Saturday, December 28, 2013

Shit just got real

    I meant to do a post about Christmas, but that never happened.  Sorry.  I’ll try next year, I promise.  This week was just a little hectic.
    Not because of the normal “getting ready for Christmas” stuff, though I did have that, too.  This week (and the beginning of next week) is Vacation Club for the Y After School Program.  That means that all three programs in my town are in one elementary school.  Granted, some kids don’t come at all, and most kids don’t come every day, so it’s not as bad as it sounds.  It’s not like the shit show it was on the 17th when it snowed and my town cancelled all after school activities, which meant none of the three programs could be at their regular school.  They were all at the Y.  The other times this happens are known in advance, and some kids don’t come (like the day before Thanksgiving, for instance).  Not that day.  That day, there were a billion kids and no one had more than two hours notice to pack up their program, figure out a plan with their staff, and reroute the buses and get all the necessary filed and such to the big Y.  This was far better executed, but still not my idea of a super great time.
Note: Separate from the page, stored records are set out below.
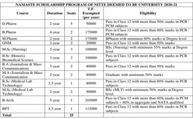 Dimapur, August 12 (MExN): The NITTE (Deemed to be University), Mangaluru Karnataka is offering 25 seats in various courses for the students of Nagaland under “NAMASTE Scholarship Program.”
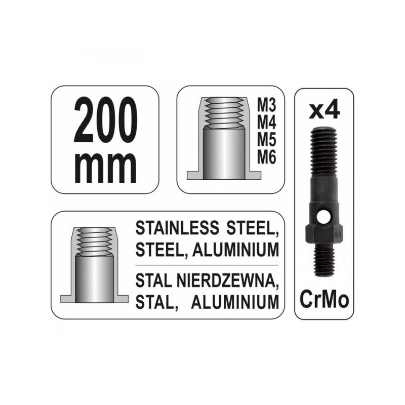 Keermeneedi tõmbamise tangid 200mm M3-M6 4adapterit YT-36140
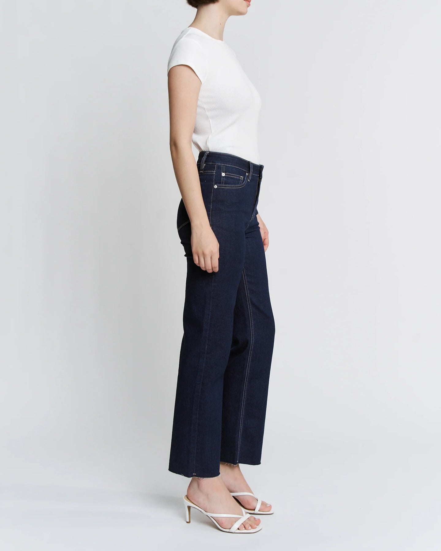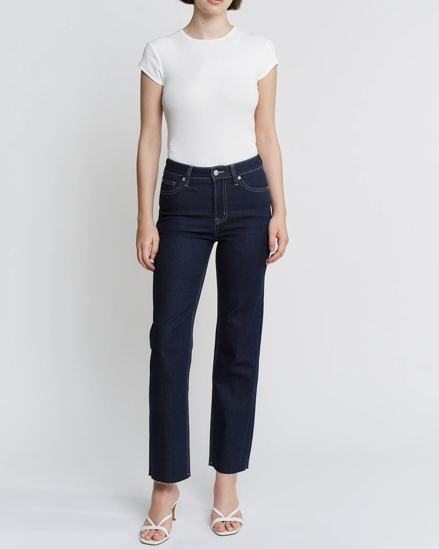High-rise straight ankle with a touch of shimmer. The Pomeroy delivers clean lines and a flattering fit in a glitter-enhanced fabric that catches the light. Perfect for elevating your everyday look with subtle sparkle and timeless silhouette.

    I’m not a morning person, and the program is open 7:30-5:45 all during vacation (except Christmas Eve and New Year’s Eve, when we’re opened till 2:00).  I guess I lucked out, because I thought we’d all have to be there from open to close unless something epic came up, but I was wrong.  I was in at 9:00 and off at 5:15 on Monday, had the good fortune to be off on Tuesday, and I was/am in at 8:30 and off at 5:00 the rest of vacation.  8:30 is hideously early for me to have myself together and be somewhere, but I’ve done it, and I haven’t been late.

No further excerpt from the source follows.